상수 \(n!/(n-r)!\) 는 inference 무관 → 식 (3.5.1) 와 비례.

2.6 Random Censoring (Klein Example 3.10)

2.6.1 Joint Distribution

\(X \perp C_r\) 이라 가정. \(X\) 의 분포 \((f, S)\), \(C_r\) 의 분포 \((g, G)\).

\[ \Pr[T_i = t, \delta_i = 0] = \frac{d}{dt} \int_0^t \int_v^\infty f(u) g(v)\, du\, dv = \frac{d}{dt} \int_0^t S(v) g(v)\, dv = S(t) g(t) \]

(부분적 적분.)

마찬가지로:

\[ \Pr[T_i = t, \delta_i = 1] = f(t) G(t) \]

2.6.2 Likelihood (식 3.5.5)

\[ L = \prod_i [f(t_i) G(t_i)]^{\delta_i} [g(t_i) S(t_i)]^{1-\delta_i} \]

2.6.3 Non-informative 분리

식 (3.5.6) 의 출생

\[ L = \underbrace{\left\{\prod_i G(t_i)^{\delta_i} g(t_i)^{1-\delta_i}\right\}}_{\text{censoring 분포}} \times \underbrace{\left\{\prod_i f(t_i)^{\delta_i} S(t_i)^{1-\delta_i}\right\}}_{\text{관심 부분}} \]

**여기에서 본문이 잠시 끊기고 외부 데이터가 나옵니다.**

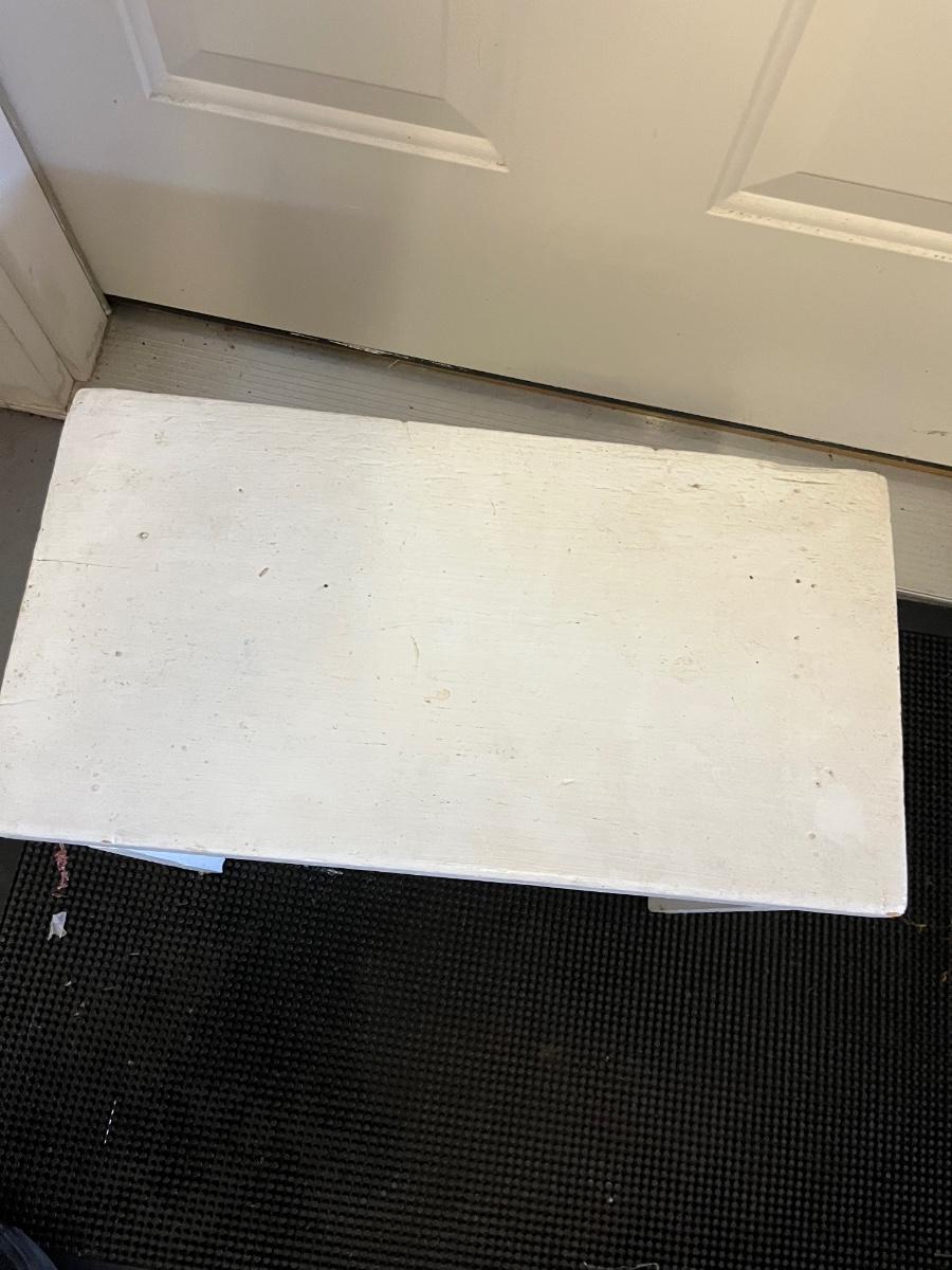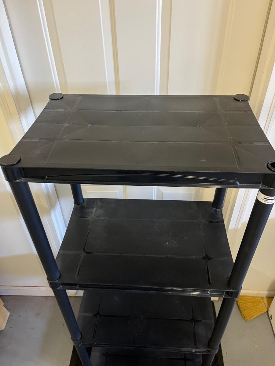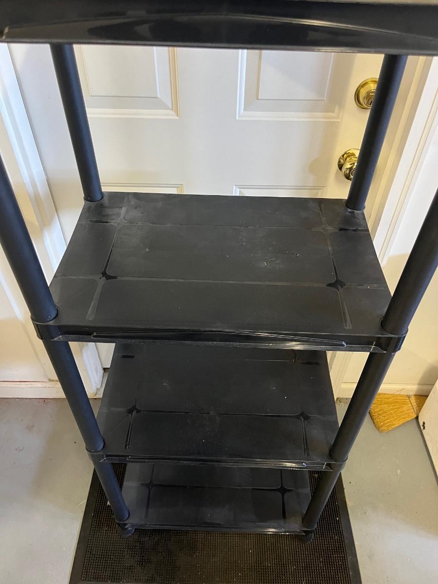 Lot includes a plastic shelving unit that measures 21” x 14” x 52”H. Also includes wooden footstool.
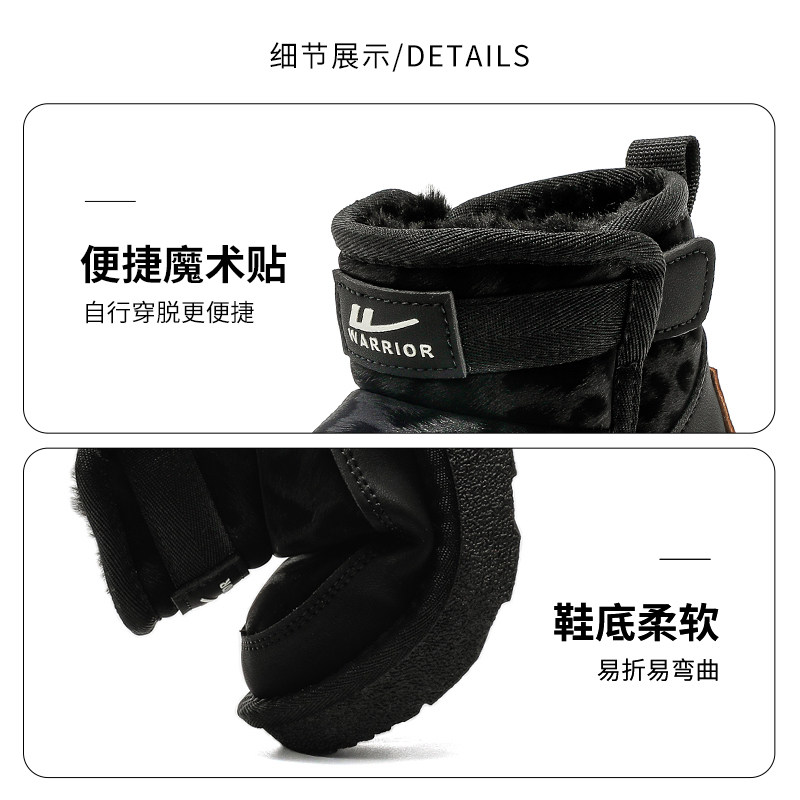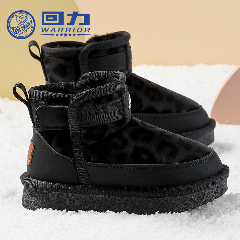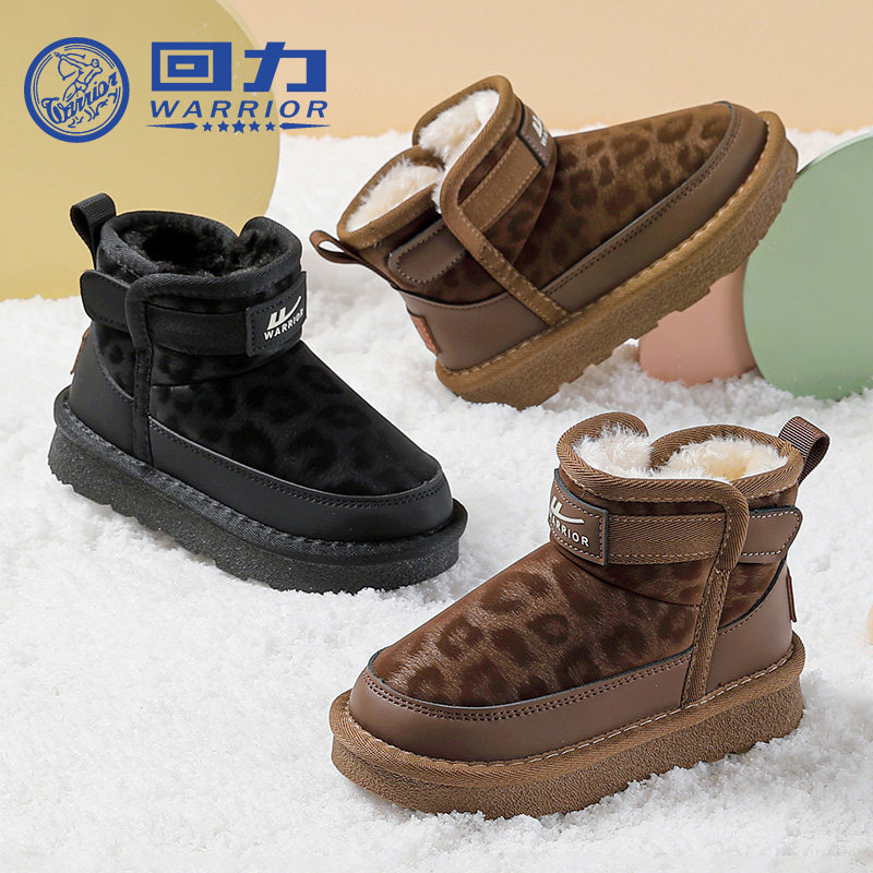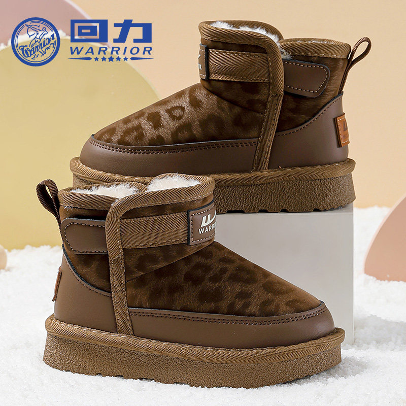回力童鞋女童豹纹雪地靴2025冬季新款儿童保暖大棉鞋女孩软底棉靴

\(G\) 가 \(f\) 의 모수와 무관 → 첫째 항이 상수 → likelihood 가

\[ L \propto \prod_i [f(t_i)]^{\delta_i} [S(t_i)]^{1-\delta_i} \]

식 (3.5.3) 와 정확히 동일. 즉, non-informative random censoring 은 Type I 와 같은 추론.

조건:

\(X \perp C_r\) (독립).
\(G\) 가 \(f\) 의 모수에 의존 안 함.

둘 다 만족 못 하면 → 표준 KM/NA/Cox 모두 편향.

2.6.4 Theoretical Note 3 — 비독립의 경우

\(X, C_r\) 의 joint survival \(S(x, c)\) 가 종속:

\[ L_{III} \propto \prod_i \left\{[-\partial S(x, t_i)/\partial x]_{x=t_i}\right\}^{\delta_i} \left\{[-\partial S(t_i, c)/\partial c]_{c=t_i}\right\}^{1-\delta_i} \]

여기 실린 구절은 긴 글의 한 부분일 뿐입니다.